Another team veered into their nets as they rose, and Geoff got yanked off his bike. He spun wry—the stars, the flares of the other bikers’ rockets, Phocaea’s surface, all tumbled past. He had no idea where his bike was, or where Amaya was. He feared he’d plow into Phocaea’s surface, but after a moment he realized he’d been thrown upward, out of Phocaea orbit. His breath slowed. Numb calm fell over him. He breathed in and out. Dots of fog appeared and vanished on his faceplate.
Amaya was back there, somewhere, circling back around for him. He was sure of it. But for a moment he thought it might be good if nobody had noticed, and he could just float away, off into the Big Empty.
Then she radioed him that she was approaching. She shot a net that snared him. Geoff grabbed at it, climbed along it to her bike, and mounted behind her. She fired her rockets and took him back around to his own bike. Neither spoke a word.
As he mounted his bike, she finally asked, “You OK?”
“Yeah.”
It was hard to believe that only a half hour ago he had been so excited about his bug-turd art project. He had thought he was such hot shit. Now it all felt like a waste of time. He shook it off. Don’t think. Just do.
* * *
Half an hour after they started, Shelley gave the all-clear. By the time the reporters and their cameras had started showing up, most of the bikers were down, gathering near their hangar, checking their equipment. Geoff coasted to a stop and launched himself off his bike. He ached. He could smell his own sour stink, and though slimed in sweat, he was shivering. Dully, he wondered if his climate controls were malfunctioning. He shuffled clumsily over to the crater lip, near where he and Carl had been standing less than an hour before, and leaned over, hands on his thighs.

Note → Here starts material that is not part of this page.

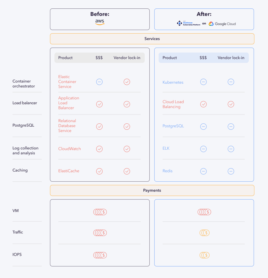 To eliminate these problems, we migrated the infrastructure to self-hosted (not managed) Kubernetes and replaced the cloud services with their Open Source counterparts. At the same time, we switched to the Google Cloud Platform. However, it’s important to note that it was not the new provider but the move to K8s and other self-hosted solutions made the savings possible (more details provided below).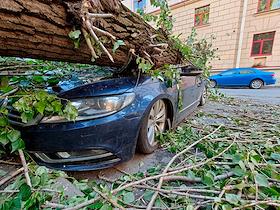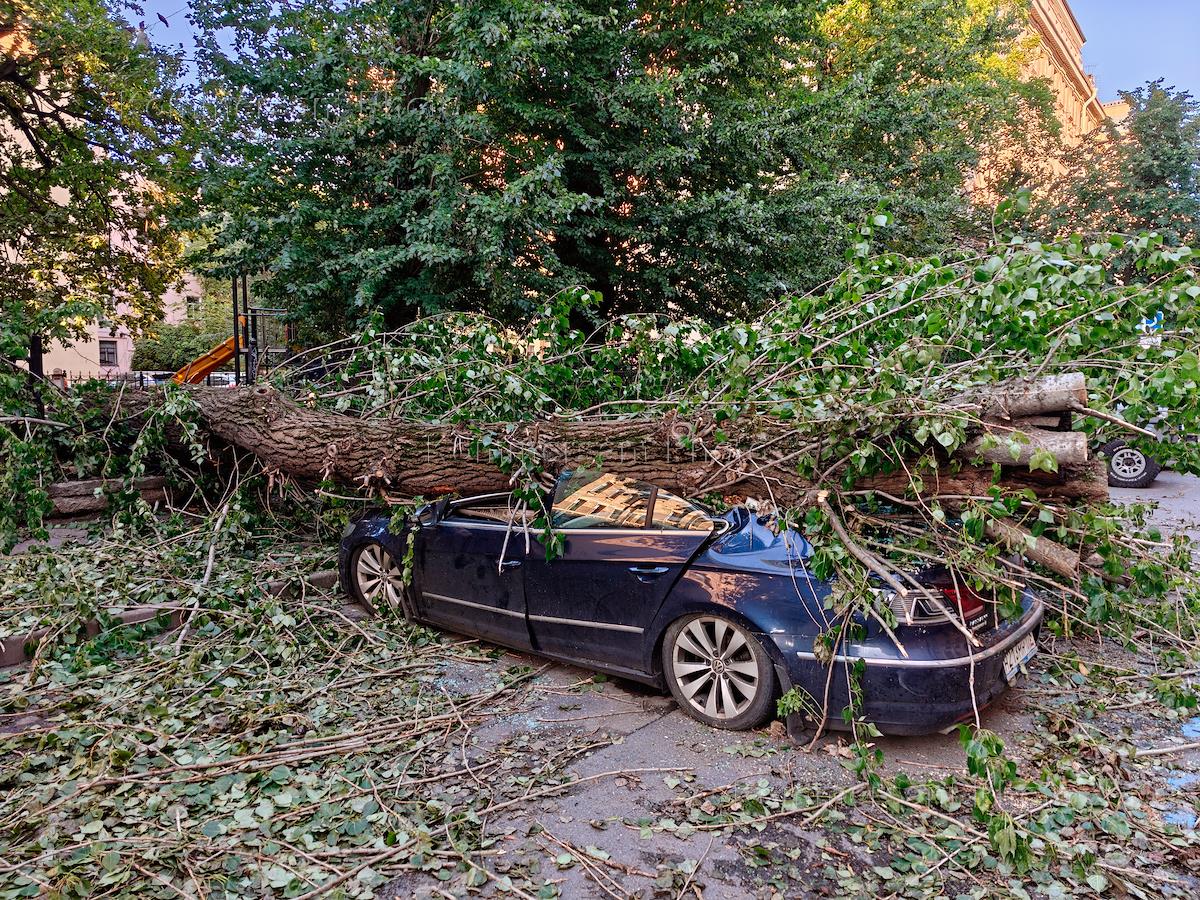 Виды Санкт-Петербурга. Жанровая фотография. Дерево, упавшее на машину, на Большой Разначинной улице.

When he straightened, the mist in the crater was clearing. The pale sun rose low over the horizon in the southwest, and cast long shadows across the still steaming wreckage. The stars faded from view. The crater floor was covered in a graphite slick, with neatly spaced blocks on top in yellow, red, and an assortment of metallic hues. In the crater’s middle was a lump of dirty ice about half the size of what they had had before the delivery. A couple weeks’ worth, maybe. No more.
Amaya came up next to him; he recognized the stickers on her suit sleeve. He could not see her face well. But he knew what she was thinking. “There’s always other shipments coming Down,” he said. “My mom says Commissioner Navio is a genius at making the ice last. We’ll get more in soon. It’ll be OK.”
“Yeah,” she said.
Shelley alighted next to them, and slapped Geoff and Amaya on the back. “You all saved us. Good work.” She bounded off toward the warehouses. By then, Kamal and Ian had found them.